If you must disclose privileged documents to a government entity, be smart and strategic.  The trend disfavoring the selective waiver doctrine cannot be ignored; thus, corporate counsel should take the following actions to increase the likelihood that a court is persuaded to recognize privilege.  The first step is to clearly show the existence of attorney-client and work product privileges.  The corporation must establish a record that shows the purpose of conducting an internal investigation is the rendering of legal advice.

Next, the corporation must negotiate an express confidentiality and non-waiver agreement with the particular government entity requesting the documents.  The written, signed agreement must be unambiguous and comprehensive: routine confidentiality provisions or a confidentiality warning stamp on its own is insufficient to preserve privilege.  In addition to clearly stating that the documents to be disclosed are confidential and privileged, the agreement must also expressly state that disclosure of the privileged documents is limited to the specific government entity that made the request.  A statement by the government entity that it will take affirmative steps to enforce the confidentiality agreement in any subsequent litigation would give the agreement even more force.  Finally, the agreement must also insist that production of the requested privileged documents will not occur until after the disclosing party has obtained and memorialized the agreement with the government entity.

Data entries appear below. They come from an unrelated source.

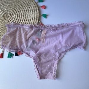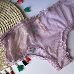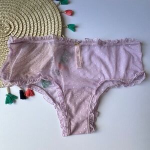 Victoria's Secret The Lacie Dot Mesh Ruffled Cheeky Panty Hope Lilac XL NEW
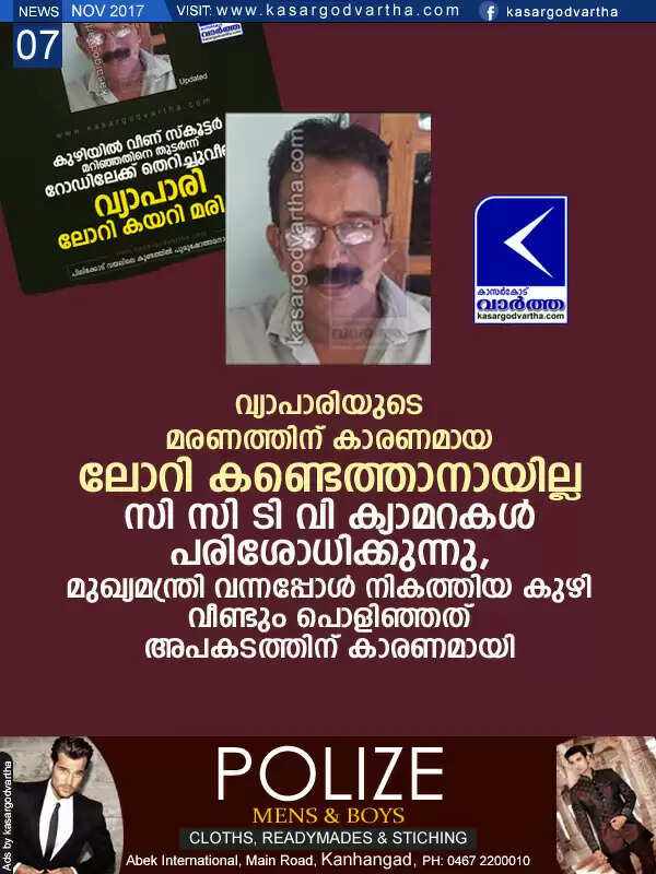 വ്യാപാരിയുടെ മരണത്തിന് കാരണമായ ലോറി കണ്ടെത്താനായില്ല; സി സി ടി വി ക്യാമറകള് പരിശോധിക്കുന്നു, മുഖ്യമന്ത്രി വന്നപ്പോള് നികത്തിയ കുഴി വീണ്ടും പൊളിഞ്ഞത് അപകടത്തിന് കാരണമായി
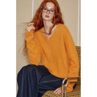 针织打底衫 品牌高级感羊毛衫 女半高领宽松毛衣秋冬加厚羊绒长袖

In addition to drafting a clear and complete confidentiality and non-waiver agreement, a corporation may be able to protect privileged documents by showing that it has been generous with producing other non-privileged documents.  Allowing access to the underlying non-privileged factual documents used in preparing the privileged documents might ease the court's worry that a civil litigant will be prejudiced if denied the opportunity to discover the privileged documents.

Another way to preserve privilege of certain documents provided to the government is to argue that the corporation and government are not adversaries.  If a corporation is not the subject of the government investigation, it needs to clearly establish that the government is not its adversary.  Because any disclosures would be involuntary, the court's concern in preserving privilege where a party discloses information based on self-interest would be alleviated.

What This Means for Your Corporation

There is no guarantee that a court will decide (against the weight of authority) to allow selective waiver.  Nevertheless, the above suggestions should be followed by any corporation that has made the important decision to disclose privileged documents to the government.  The recent Merck decision shows that even in the face of an express confidentiality and non-waiver agreement a corporation may be compelled to produce privileged documents.  Merck attempted to protect its privileged documents by insisting on an express confidentiality and non-waiver agreement to govern its disclosure, but was still ordered to produce.  Hence, the ultimate lesson to take from the Merck decision: weigh disclosures to the government very carefully.